Это была первая история из той сотни армейских случаев и анекдотов, о которых я услышал от Шапитилова за две недели нашего неторопливого и полусонного речного путешествия. Мой попутчик, явно привыкший к офицерскому обществу и, значит, к постоянной компании, редко оставлял меня одного. Привычным образом стремясь к уединению, я чувствовал, что несоответствие наших темпераментов несколько донимало нас обоих, но все же мы с поручиком сдружились.
Не обошлось, впрочем, и без дорожных приключений. Однажды, вернувшись после обеда с палубы к себе, мы обнаружили, что замок в собственноручно запертой мною двери нашей каюты теперь сломан. Коридорный, смущенно уверяя нас, что такое случается на его памяти впервые, послал за судовым слесарем, и тот после четвертьчасовой возни над дверью все же помог нам попасть в наши покои. Внутри было все цело, но Шапитилов, к немалому моему удивлению, начал пристрастно расспрашивать коридорного обо всем, что происходило в его владениях в наше отсутствие, упирая на то, что один из вещевых мешков поручика лежит не так, как тот его оставил. Напрасно бедняга коридорный, оправдываясь, убеждал моего спутника, что мешок наверняка опрокинулся набок от качки в тот момент, когда мы с гудками и скрипом палубных досок расходились бортами с плоской широкой баржей со щебнем, ползшей нам навстречу вверх по течению, – поручик, еще раз внимательно осмотрев все углы каюты, недоверчиво хмыкнул и выставил слугу вон, громко хлопнув за ним только что вскрытой дверью.
В другой раз, когда я, пресытившись обществом моего компаньона, ушел из каюты побродить по палубе, ко мне, обознавшись, полез обниматься какой-то нетрезвый субъект в дорогом пальто, пахший коньяком и кельнской водой: он, дескать, принял меня за старого гимназического приятеля. После того, как выросший будто из-под земли Шапитилов, зажав зубами свою дымившуюся тлеющим табаком трубку, оттащил от меня моего визави и назвал тому мое имя, незнакомец показался до крайности расстроенным своей ошибкой: он огорченно разводил руками и искренне просил прощения за столь неделикатное свое поведение.

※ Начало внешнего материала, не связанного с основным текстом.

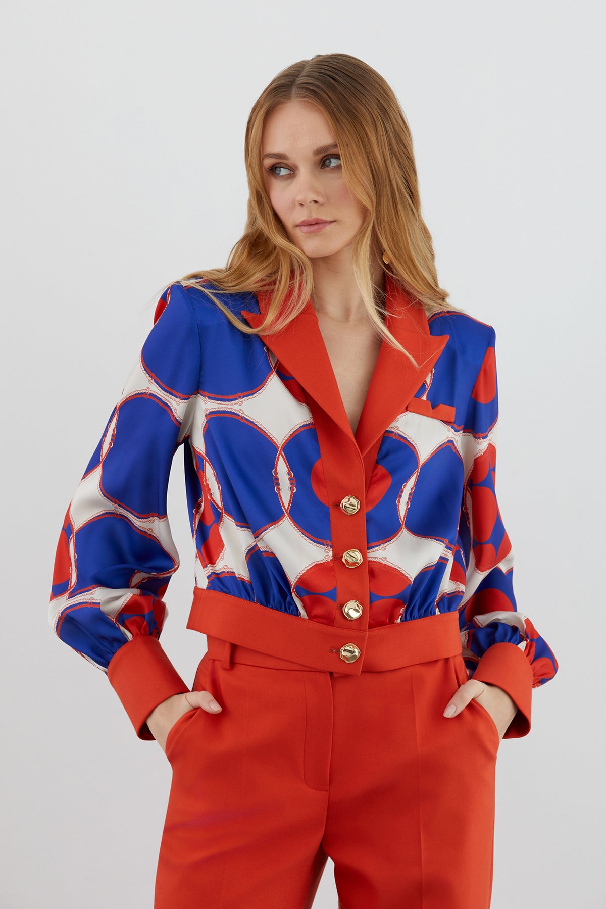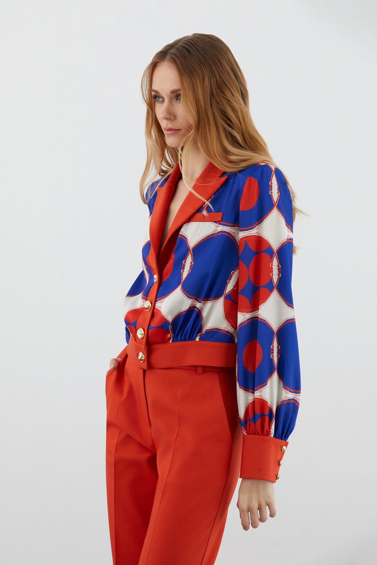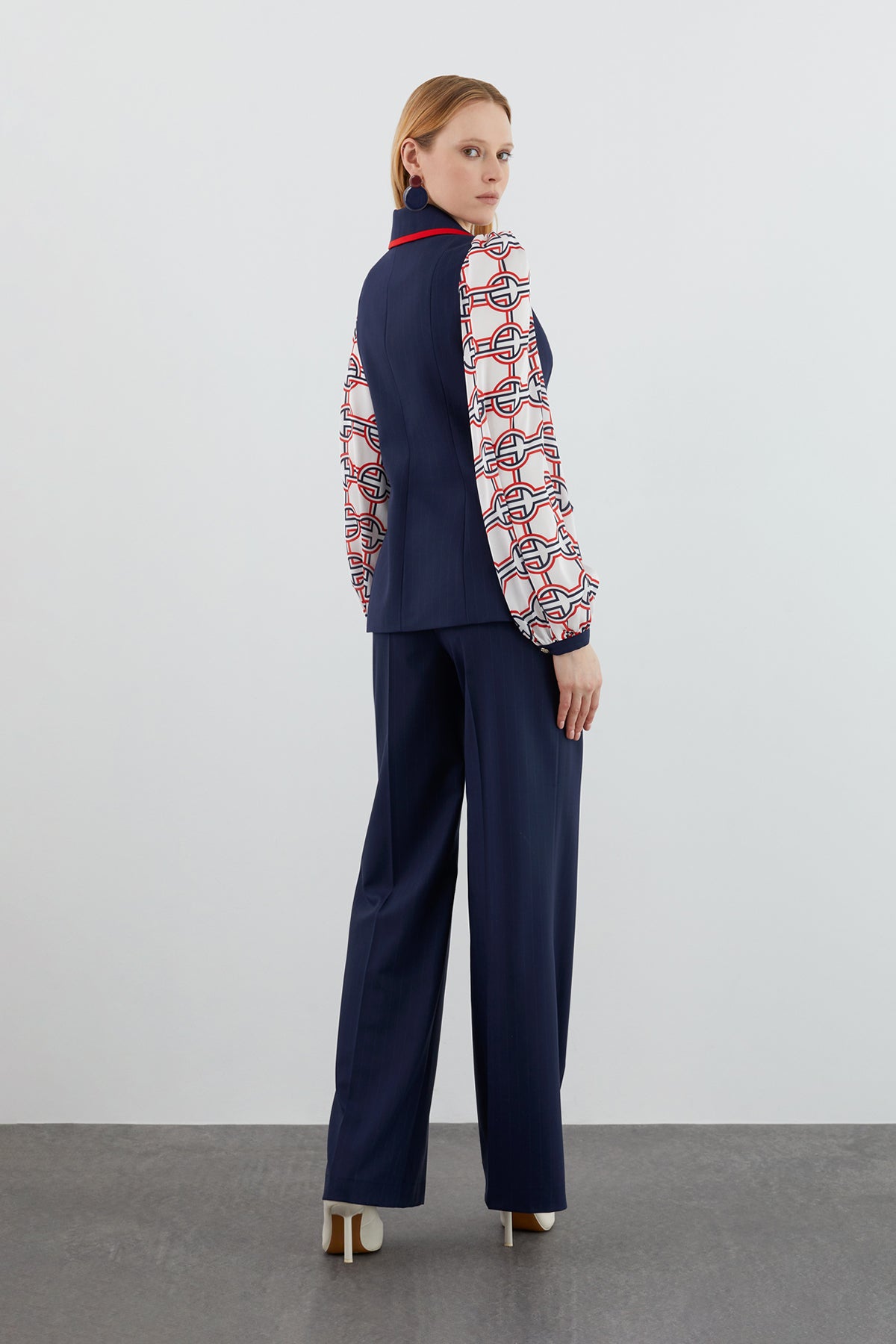 Tek Düğmeli Desenli Ceket Ve Palazzo Pantolonlu Takım

В третий раз и вовсе вышла какая-то неразбериха: когда погожим солнечным днем мы обходили один из волжских утесов, и публика высыпала на палубу, дабы полюбоваться высоким каменистым берегом, на котором густо рос частокол стройных сосен, мерно покачивавшихся на порывистом ветру, завалившееся при повороте судно крепко тряхнуло. Толпа на палубе ахнула и прижалась к борту; в эту секунду меня, вероятно, нечаянно, но довольно сильно ткнули плечом в спину, и я едва не вывалился за борт. Только стальная хватка Шапитилова, вцепившегося в ворот и хлястик моего пальто, не дала мне нырнуть вниз головой в тяжелые осенние волны прямо под звучно плюхавшие по воде лопатки гребного колеса, аккурат между клепаными листами пароходной обшивки и острыми камнями берега. К большому моему сожалению, пока поручик втаскивал меня обратно на палубу, я упустил в реку свой черный цилиндр, но, как сказал мой спаситель, это была совсем небольшая плата богам речной пучины за благополучие нашего дальнейшего путешествия. К тому же на следующей остановке я, сойдя на берег, сумел приобрести вполне недурную шляпу взамен потерянной, и инцидент показался бы мне полностью исчерпанным, если бы поручик, который отчего-то ходил за мной теперь мрачнее тучи, не ошеломил меня совершенно серьезным и чрезвычайно настоятельным предложением приобрести себе револьвер.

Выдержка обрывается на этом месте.